- SOURCE DATA:

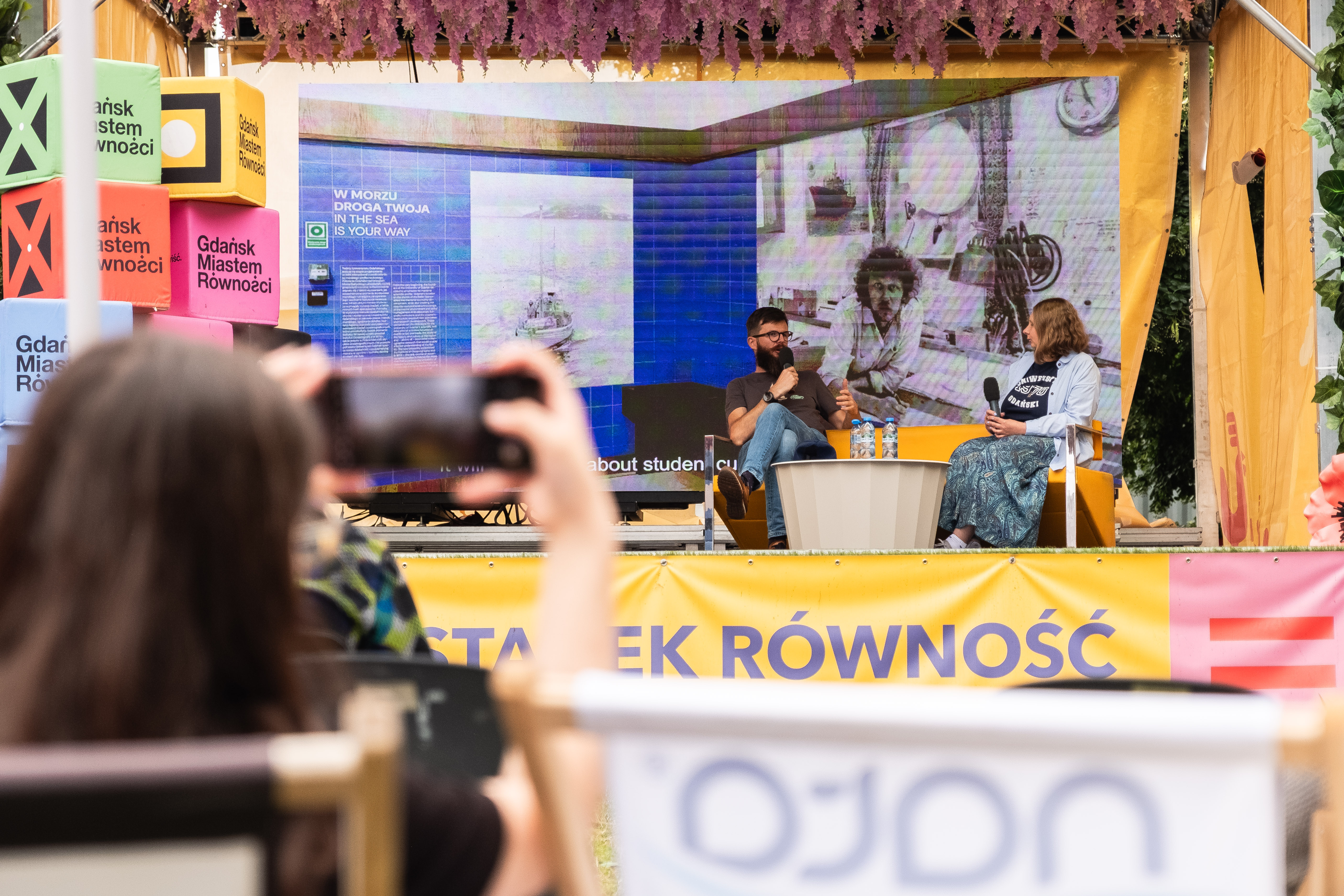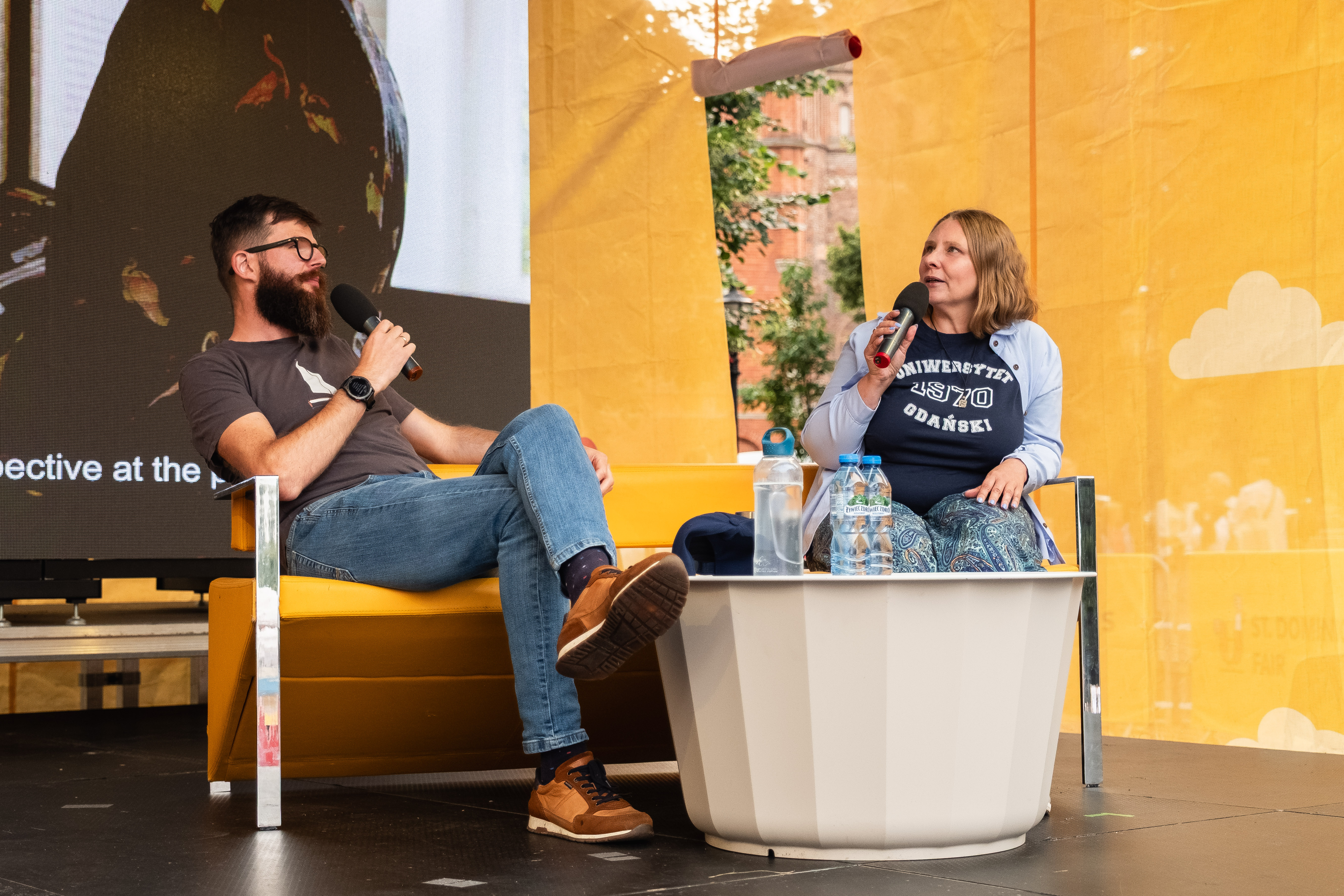 Jarmark św. Dominika to wyjątkowe wydarzenie, na stałe wpisane w letni krajobraz Gdańska. W tym roku na scenie Przystanku Równość zaprezentowało się również Muzeum Uniwersytetu Gdańskiego! W poniedziałek 4 sierpnia Marta Szaszkiewicz-Sawa opowiedziała o muzeach akademickich, w tym muzeach prowadzonych przez Uniwersytet Gdański, a Maciej Żynda, którego wystawę CICHOBIEL można podziwiać w sali wystaw czasowych Muzeum UG, podzielił się swoimi refleksjami z fotograficznej podróży na Spitsbergen. Na zakończenie odbył się bezpłatny spacer po Starym Mieście, organizowany w ramach RadUNII Kultury, prowadzony przez przewodniczkę Sabinę Rogalską-Antosik, który obejmował również wizytę w Domu Opatów Pelplińskich - siedzibie Muzeum - i zwiedzanie wystawy stałej i czasowej.
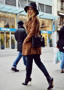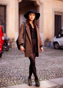 With such a hat it is worth considering in retro style. You can combine it with a skirt or pantsuit, fitted coat, raincoats. A slouch with a sheath dress or a narrowed skirt with an airy blouse will look great. Add the image should be classic boats, ankle boots or ankle boots.
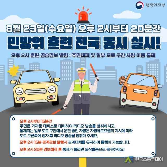 훈련 공습경보 발령과 동시에 군작전로 및 응급·복구·구조 차량 등의 비상차로 확보를 위해 경찰 지시하에 15분간 차량 이동이 통제되며, 운행 중인 차량은 도로 오른쪽에 정차 후 차내에서 훈련 상황을 라디오 등을 통해 청취해야 한다.
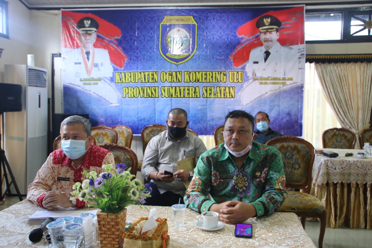 Radar Sriwijaya (OKU) – Sekertaris Daerah (Sekda) Kabupaten Ogan Komering Ulu (OKU) Dr. Drs. Ir. H. Achmad Tarmizi, SE., MT., M. Si., M.H mengikuti Video Conference Rapat Koordinasi Dana Hibah NPHD Pilkada Serentak Tahun 2020 Bertempat di Ruang Induk Rumah Dinas Bupati OKU, Jum’at (18/09/2020)
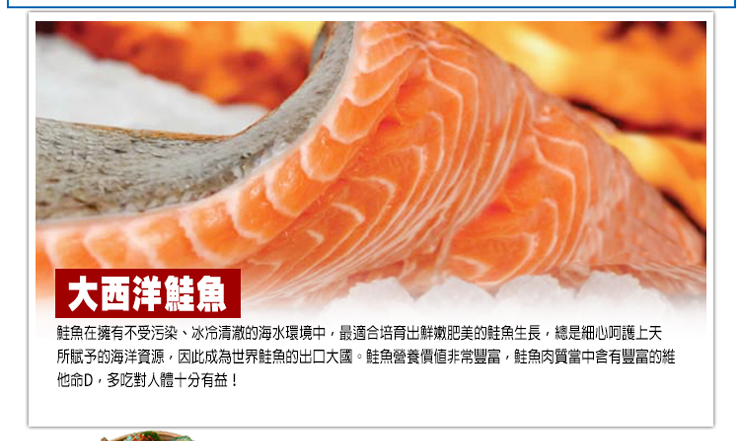 嚴選智利大西洋鮭魚,肉身為橘色(Omega-3顏色)、是世界優質鮭魚品種。
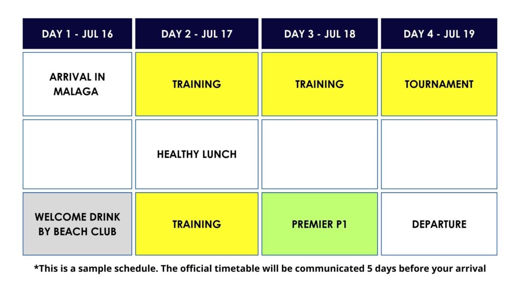 Train with Spain’s top coaches, watch the 4 electrifying P1 Malaga Semifinals, featuring the world’s best players, and relax in stunning seafront resort along the sun-soaked Costa del Sol.
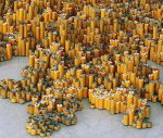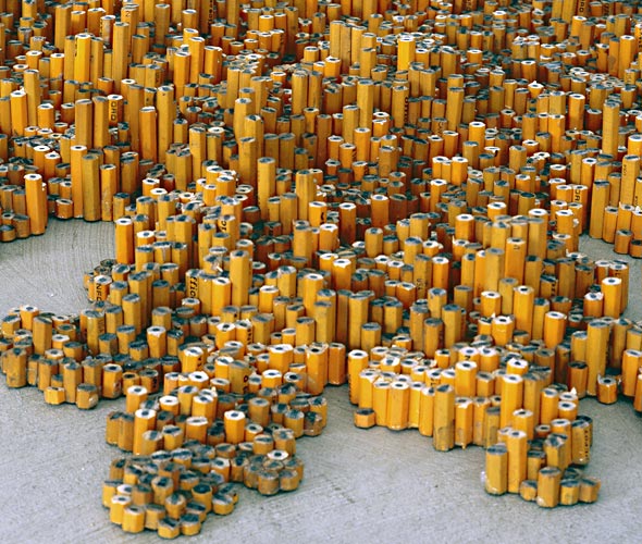 Tara Donovan manipulates mundane materials into massive constructions, landscapes and volumes that transcend the material they are created from. Paper plates, plastic cups, pencils and the like become the individual motifs of a larger naturalistic pattern.
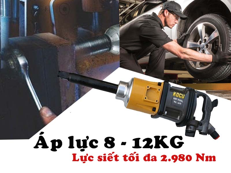 Kocu KC-A12 cho khả năng vặn bu lông có đường kính 48mm nên được sử dụng phổ biến trong các garage ô tô và xưởng sản xuất máy móc.
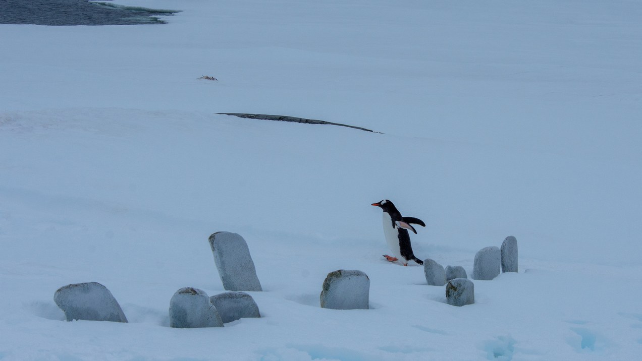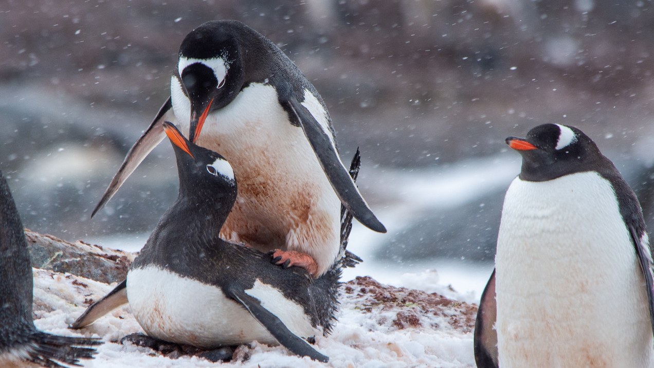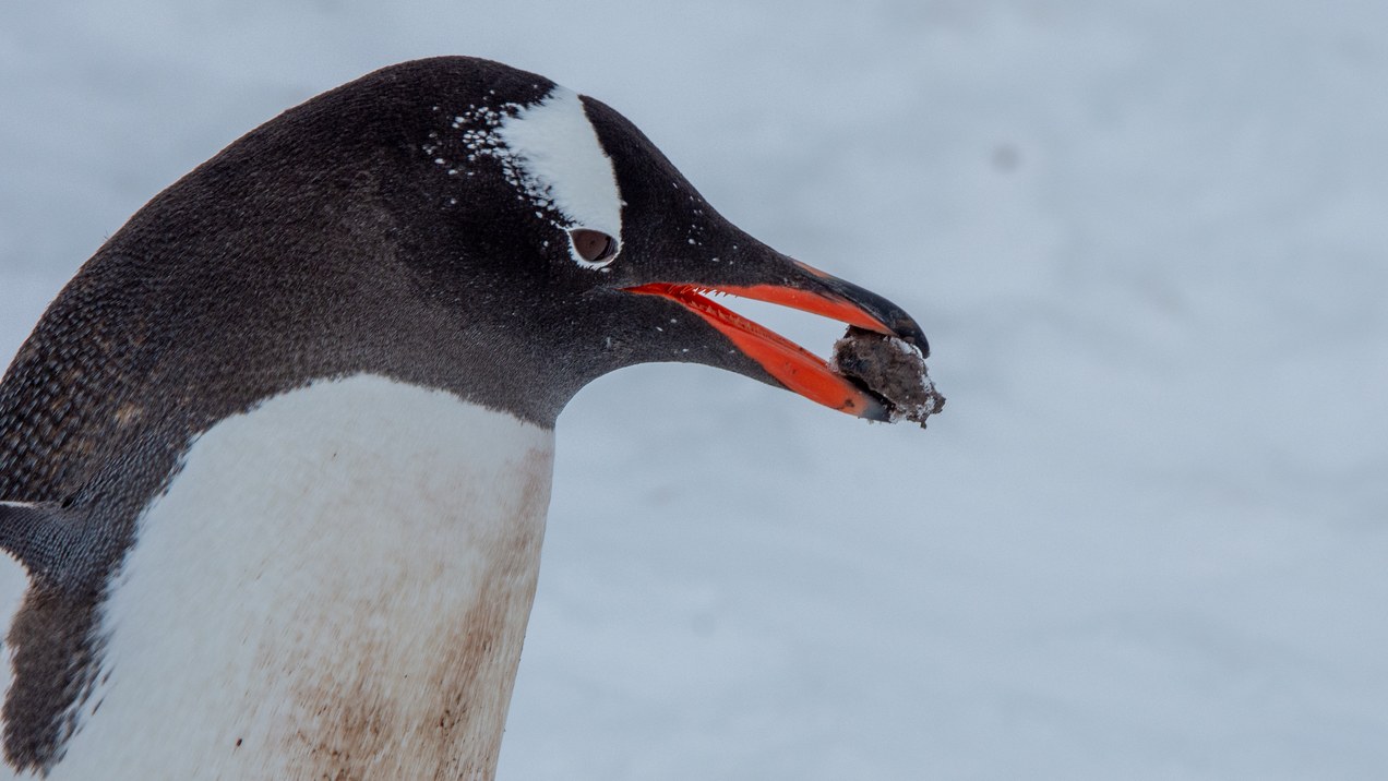 Het is een uitdaging om hier een nest te bouwen. Op de sneeuw is te koud voor de eieren. Dus het moet op de rotsen. Maar hoe kom je aan nestmateriaal hier? Geen gras, alleen wat modderkluitjes. En die willen de ander pinguïns ook. En de aalscholvers. Het verzamelde materiaal wordt dan ook goed bewaakt.
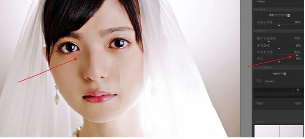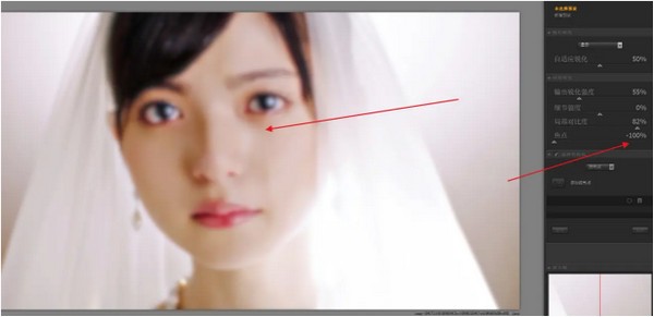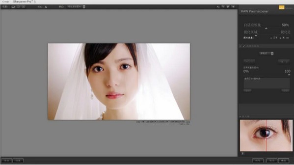 2、第二個(gè)滑塊為銳化區(qū)域和銳化邊緣,顧名思義,往左滑動(dòng)是對(duì)畫面的大塊區(qū)域進(jìn)行銳化,比如圖中的臉,而向右滑則是對(duì)畫面邊緣的部分進(jìn)行銳化,比如圖中婚紗的外輪廓。

- PROBLEM STATEMENT: When copying from the data above, begin at the line containing "嚴選智利大西洋鮭魚,肉身為橘色(Omega-3顏色)、是世界優質鮭魚品種。" and end at the line containing "Tara Donovan manipulates"; return those lines exactly and leave all pictures behind.

- RESPONSE FOR THIS EXERCISE:
 嚴選智利大西洋鮭魚,肉身為橘色(Omega-3顏色)、是世界優質鮭魚品種。
 Train with Spain’s top coaches, watch the 4 electrifying P1 Malaga Semifinals, featuring the world’s best players, and relax in stunning seafront resort along the sun-soaked Costa del Sol.
 Tara Donovan manipulates mundane materials into massive constructions, landscapes and volumes that transcend the material they are created from. Paper plates, plastic cups, pencils and the like become the individual motifs of a larger naturalistic pattern.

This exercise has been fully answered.